Input data:
=-=-=

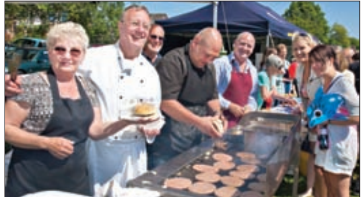
Culcheth Royal British Legion Barbecue were kept busy feeding the crowd

Attractions included Ridgeway Falconry, Tyldsley Brass Band, Trumble the Clown, Academy Karate Display, a pet show and a tug of war
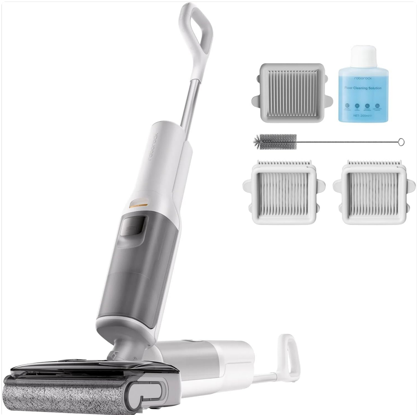
Image: The roborock F25 RT wet dry vacuum cleaner shown with its included washable filters and floor cleaning solution.
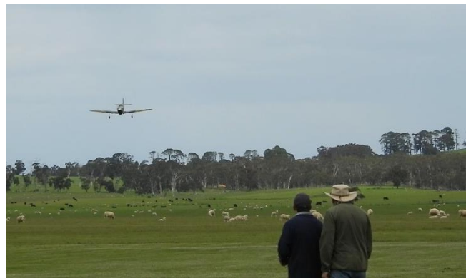
On the second attempt Max got the Spitty down safely although it was a bit hard on the landing gear.

On post examination we found it needed exponential on the controls and Max is I think pondering what needs to be done to the undercarriage, how much work is involved and is it worth it. (ROI – Return On Investment!!!)
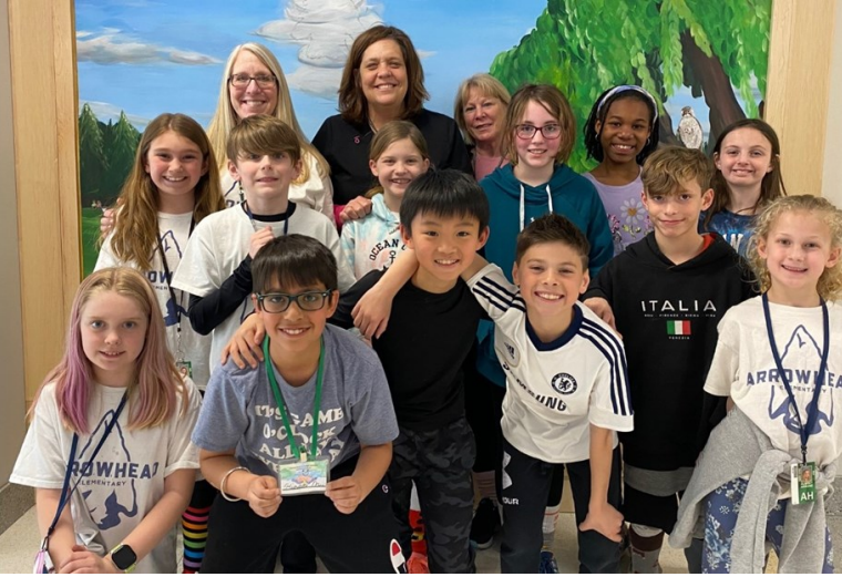
Arrowhead Elementary School Student Council made a cash donation that allowed Outreach House to purchase needed supplies!
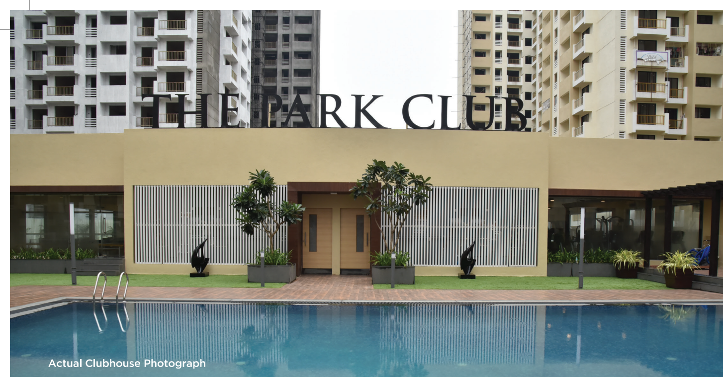
Actual Clubhouse Photograph
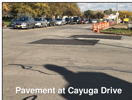
Pavement at Cayuga Drive

Traffic will be maintained on-site with daily lane closures and/or the use of flag persons or temporary signals to control alternating one-way traffic. There should be minimal delays to motorists. At the end of each working day,
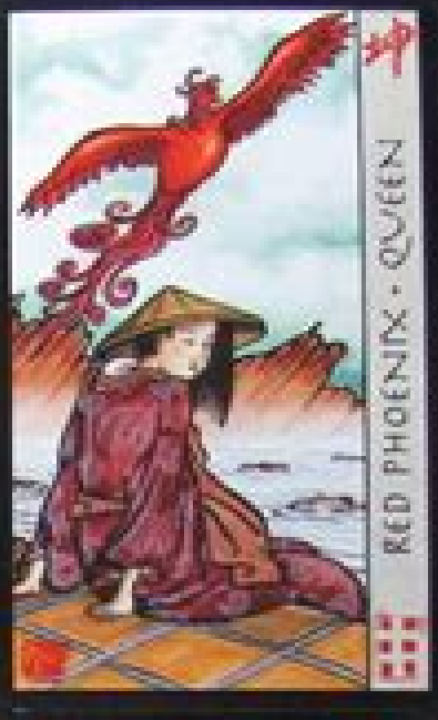
RED PHOENIX - QUEEN
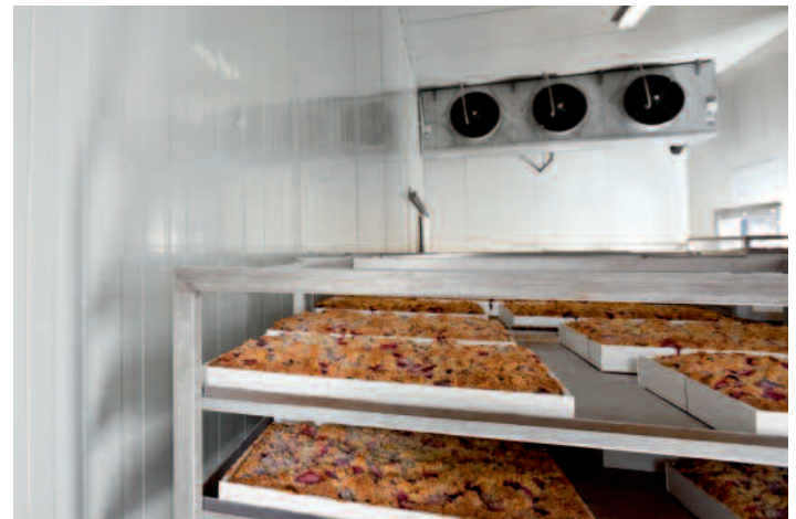
Monitoring of storage climate

The flexibly installable, robust probes of the measurement data monitoring system testo Saveris cover all areas of application. They can be used in a temperature range from -200 °C to over +1000 °C and at very high relative humidities. testo Saveris is easy to install and to operate. The ambient values can be read from the measurement probe, are transferred to the base station by wireless or LAN, stored centrally, and can be automatically summarised into clear daily, weekly or monthly reports in PDF format. If the set upper or lower limit values are violated, the system alarms by LED, SMS or e-mail. During transport to the branch stores and points of sale, the driver can conveniently read off the current measurement values in the display of the Cockpit Unit.
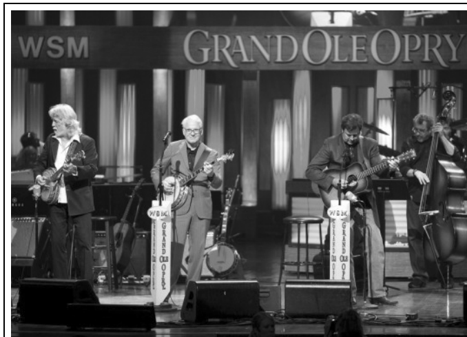
Same Opry, same station, new talent - Steve Martin

Just as the Golden Age of network radio ran its course, so did Opry offerings of music that is now called “classic country” music. Some individual stations and satellite services still carry the format. WSM 650 AM continues to broadcast the Opry . The music and complete shows are available through opry.com, and on iPhone and Android APs and, of course, recordings of original broadcasts by collectors.
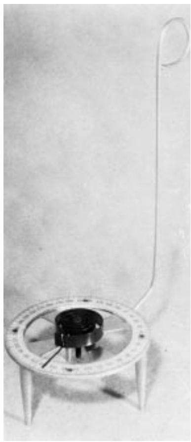
FIG. 1 Spiral Coil

6.4.1 Spiral Coils—The specimen holder for spiral coils shall provide means for securely holding the coil. Although other means of support are possible, the holder or mounting arbor shall be preferably circular cross section whose diameter shall be as large as possible without touching the inner turn of the coil under any conditions of test temperatures. The arbor shall be slotted across its diameter and to a depth greater than the width of the specimen. The width of the slot shall be slightly narrower than the thickness of the specimen so that the inner tab will be a push or snug fit in the slot. The edges of the slot shall be sharp where it intersects the circumference of the arbor. The slot shall be so positioned in the arbor that the center of rotation of the coil and the center of the arbor coincide.

=-=-=

Your goal:
What you give back should be exactly the lines from the top of the data above down to and including the line with "On post examination", minus any pictures.

Exercise solution:
Culcheth Royal British Legion Barbecue were kept busy feeding the crowd

Attractions included Ridgeway Falconry, Tyldsley Brass Band, Trumble the Clown, Academy Karate Display, a pet show and a tug of war
Image: The roborock F25 RT wet dry vacuum cleaner shown with its included washable filters and floor cleaning solution.
On the second attempt Max got the Spitty down safely although it was a bit hard on the landing gear.

On post examination we found it needed exponential on the controls and Max is I think pondering what needs to be done to the undercarriage, how much work is involved and is it worth it. (ROI – Return On Investment!!!)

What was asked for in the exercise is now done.